All things considered, I’m glad I found this video now. I was going to go with something else.

This is just perfect.

It’s extremely rare for me to have difficulties with people. But occasionally you come across these idiots that are a definitive argument for birth control.

You know the kind of people (and I use that word loosely…) that you wish would just drive off a cliff and do the world a favour?

I’ve sure all of you have met a number of them from time to time.

When it’s deliberate, malicious and intentional, there’s no forgiveness on my part. Once you get on the wrong side of me, you’re done for good.

It’s just like I was saying the other day.

There’s that scuzzy South Carolina skank that fancies herself as a writer. She should make it easier for everyone and put a B in front of her surname. The t is entirely optional.

There’s also that perverted redheaded Boston scumbag and his equally demented roly poly BFF.

True pieces of work. All three of them.

There are a few other individuals in the mix that I could mention. If you’re reading this and strongly believe that I’m referring to you, the likelihood is excellent that I am.

When the love of my life and I get finished with these cretins, they’ll wish they’d never been conceived.

We haven’t even begun. Incidentally, that’s the royal we, y’all.

In that spirit, our Friday musical highlight is FUCK YOU by CEE LO. Yeah, there is a sanitized version around. But I don’t believe in censorship at my site.

And before those two greasy slimeballs get all excited (believe me, it doesn’t take much…) the fuck you is merely figurative.

Not literal.

They’re just going to have to deal with it.
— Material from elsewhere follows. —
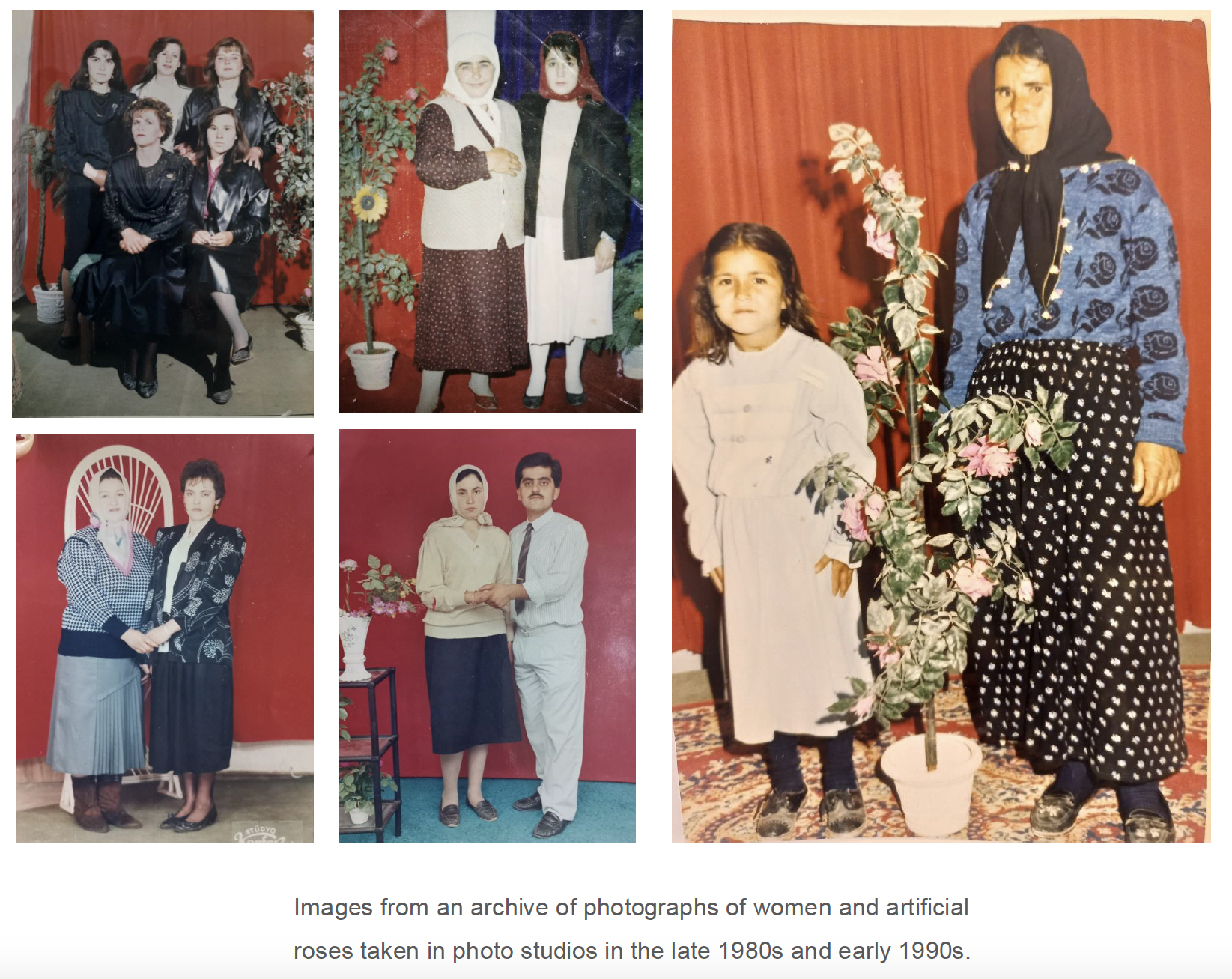 The exhibition draws on an archive of photographs depicting women and artificial roses together in photography studios across Turkey in the late 1980s and early 1990s. In these photographs of Hatice from Mersin, Bahar, Nilgün and Nurten from Giresun, Rahime from Kars and Müzeyyen from Kayseri nature is reduced to an artificial rose, into a visual representation that draws attention to the economy of representation in which women and non-humans play the leading role.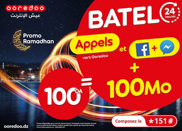 Pour répondre aux attentes des clients voulant bénéficier d’appels à moindres coûts durant ce mois sacré, Ooredoo lance également son offre promotionnelle « 60 Min vers Tous à 100 DA » offrant 60 minutes d’appels vers tous les réseaux nationaux valables 24 heures à partir de l’heure d’achat pour 100 DA seulement.

But they’ll have lots of time to think about it in between trips to the clinic.

That’s all I have to say.

Remember this, my wondrous readers. The good side always wins. It may not happen overnight. But things do even out.


Take excellent care of yourselves and the people that are precious to you this weekend.

It’s time for me to exit. Stage left…


  1. ok. just for annoyance, perversion and for subject line play… 😉

    here’s the blood brothers with the lovely titled set fire to the face on fire

  2. Thanks, honey.

    Nicely done BTW. Very FIGHT CLUB.


    I’ve said a number of times on this site that I will not tolerate so called individuals attempting to mess with me or my loved ones.

    The fact that any of these scuzzy disgusting creeps would even try after I’ve been so adamant about it proves one thing to me unequivocally: they’re all emotionally f’ed up cretins with severe mental problems.

    So two of them got famous. So what? Hardly anyone was aware that they were thoroughly pathetic weasels until I started talking about it.

    The rest of the riff raff includes a very tiny group of ridiculously untalented morons who will never have anything or be anything. Too bad. But when you’re morally bankrupt and you still can’t get anywhere, that’s a terrible tragedy, isn’t it?


    Everyone loathes them in any case.

    Not a problem. This will all be taken care of eventually. We don’t care how long we have to wait.

    Scumbags deserve to be slapped down. HARD. If not obliterated off the face of the earth.

    There are plenty of people that are loyal to me that will assist me in this task.